_Task requirements_: The answer must consist solely of the lines from the opening line of the entries through the line with "Consultez ce formulaire", transcribed exactly and without any pictures.

_Given data_:
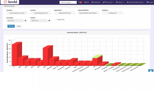 Hoshi HRMS enables employees to have a direct access to their leave and attendance reports, punch events, holiday and work schedules without bothering their supervisors or human resources personnel.
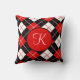 Oreiller jeté à plaid Argyre Rouge, Noir et Blanc avec monogramme personnalisé
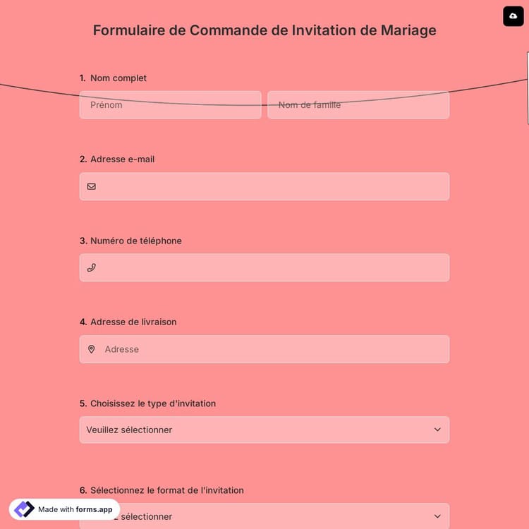 Consultez ce formulaire de commande de invitation de mariage et cliquez sur « utiliser le modèle » après vous être assuré que c’est bien ce que vous recherchez.
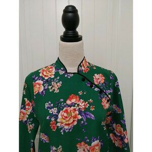 ZARA WOMAN Cheongsam Mini Dress Mandarin Collar Green Floral Size Small
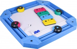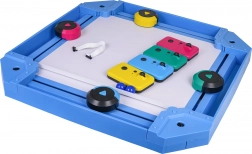 A robusztus műanyag aréna megemelt peremekkel kézben tartja a játékot, a színes korongok és ütőmodulok pedig átláthatóságot és lendületet adnak. A játékelemeket 3,7 V-os akkumulátorok táplálják (a csomagban), a kontrollerek 2× AA 1,5 V elemmel működnek (nem tartozék). Ideális ajándék és remek választás képernyőmentes, aktív szórakozáshoz.

_Solved exercise_:
 Hoshi HRMS enables employees to have a direct access to their leave and attendance reports, punch events, holiday and work schedules without bothering their supervisors or human resources personnel.
 Oreiller jeté à plaid Argyre Rouge, Noir et Blanc avec monogramme personnalisé
 Consultez ce formulaire de commande de invitation de mariage et cliquez sur « utiliser le modèle » après vous être assuré que c’est bien ce que vous recherchez.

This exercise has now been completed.